We found that the Beijing family IS6110-RFLP pattern predominated among strains causing recurrent TB (50%). The rest of the isolates belonged to the Nonthaburi family, were heterogeneous, or had 2–5 band or single band patterns. These findings are quite different from those of a previous study in which the Beijing family was not the predominant pattern in northern Thailand, comprising only 17.7% of isolates) [13]. The prevalence rates of Beijing strain in other geographical areas is diverse, for example being 42% in Bangkok, 27.9% in central and 31.3% in western Thailand [13]. However, such discrepancies may be attributable to previous studies including all forms of pulmonary TB without differentiating between different histories of anti-TB treatment. In this study, the major patterns in MDR-TB belonged to the Beijing family, the rest being heterogeneous and having 2–5 bands. Additionally, isolates with acquired MDR evidenced identical IS6110-RFLP patterns of the Beijing family, suggesting its strong association with response to treatment [14], [15]. In Germany, where the incidence of TB is steadily decreasing and the estimated overall percentage of MDR-TB is less than 3% of all TB cases, researchers have found similar evidence for Beijing genotypes among MDR-TB strains [33]. A study in Thailand between 1996 and 2007 proposed a classification of ancestral and modern Beijing sublineages based on the VNTR in which they identified 78.8% as modern Beijing strains and the remaining 21.2% as ancestral Beijing isolates [34]. Although researchers have further analyzed such data and combined it with those of previous studies to construct a comprehensive phylogenetic tree, they have not assessed linkage between TB treatment history and development of drug resistance [34]. Therefore, we recommend further comprehensive investigation of the genetic diversity and evolution of the Beijing genotype in M. tuberculosis isolates from patients with recurrent TB.

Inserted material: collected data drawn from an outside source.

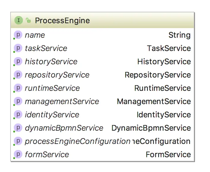 Flowable整体是通过ProcessEngine来操作的。即不管什么框架操作流程,都需要通过ProcessEngine这个类来处理。ProcessEngine是Flowable对外公开的门面。UML类图如下:
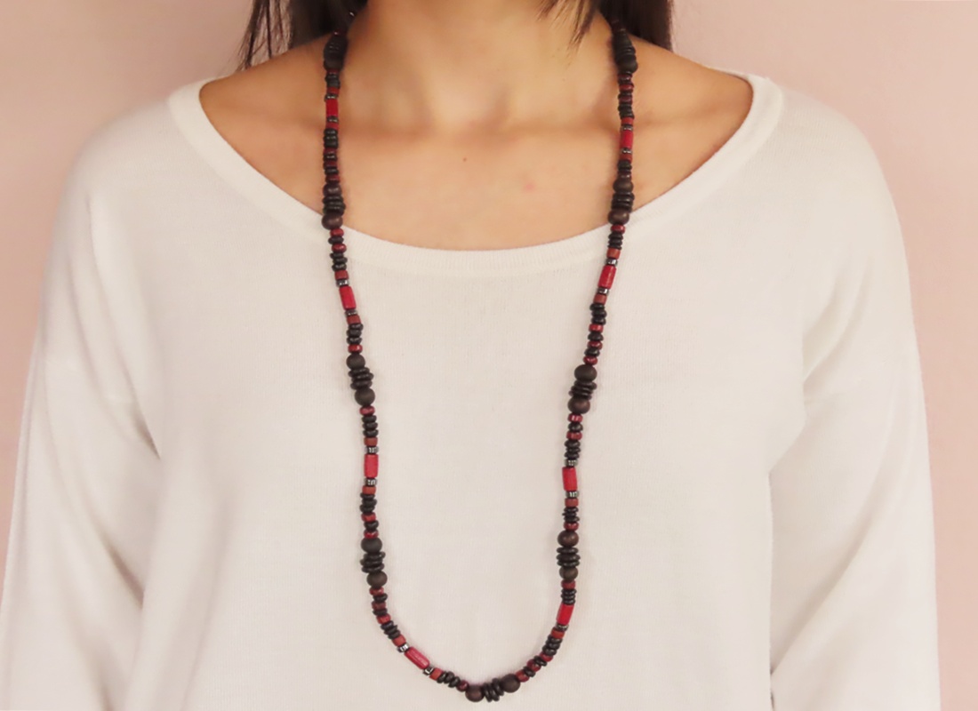 Colar Étnico com Hematita, Coco, Flamboyant, Açai e Madeiras Diversas. Fecho exclusivo em Prata 950.
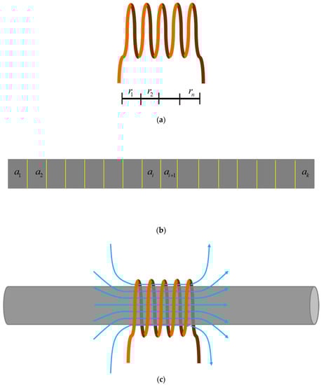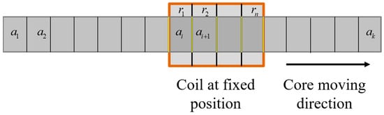 The acquisition of NMR data is illustrated in Figure 1a–c. The whole core is characterized by fluid content function , and the coil is characterized by the response map function . is the coordinate along the axis of the core and the coil, respectively. During NMR measuring (Figure 2), the core is moving to the right while the coil is at the fixed position. At each location of the core, an NMR signal is measured. Assume the fluid content in the core is digitized into k samples, and the response function is digitized into n samples. The relationship between the ith sample of NMR signal and the fluid contents can be connected by the following discrete linear equations
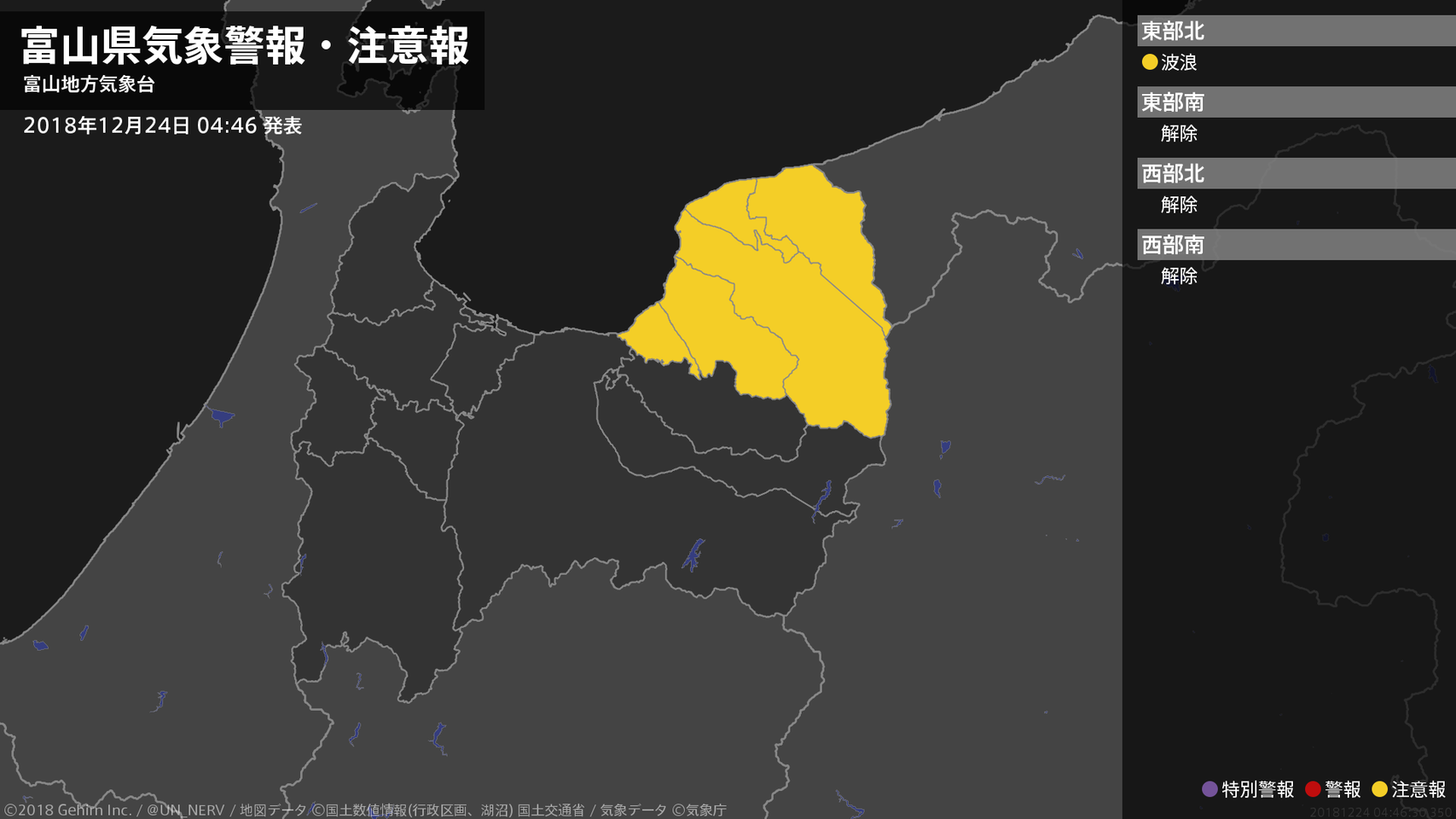 【富山県 気象警報・注意報 2018年12月24日 04:46】
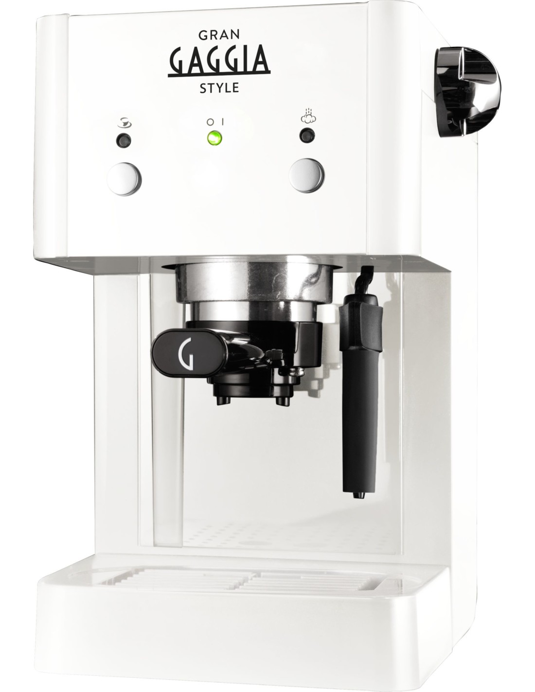 Gaggia Gran Macchina da caffè manuale RI8423/21. Tipo di prodotto: Macchina per espresso, Tipologia macchina del caffé: Manuale, Capacità tanica acqua: 1 L, Tipologia di caffè utilizzato: Caffè macinato, Vaschetta per caffè preparato: Tazza, Numero di erogatori: 2. Potenza: 950 W. Colore del prodotto: Bianco

We thank the participating patients for their kind participation in this study and staff of the Chiang Rai provincial hospital and the National TB Reference Laboratory, Bureau of Tuberculosis, Bangkok for their technical support. This work was supported by Health and Labor Science Research Grants for Research on Emerging and Re-emerging Infectious Diseases (H17-shinko-021 and H20-shinko-014), Ministry of Health, Labor and Welfare, Japan; the TB/HIV Research Project, Thailand, a collaborative research project between the Research Institute of Tuberculosis and the Japan Anti-tuberculosis Association; and the Faculty of Tropical Medicine, Mahidol University.


There is no conflict of interest for any of the authors of the manuscript caused by financial, commercial or other affiliations.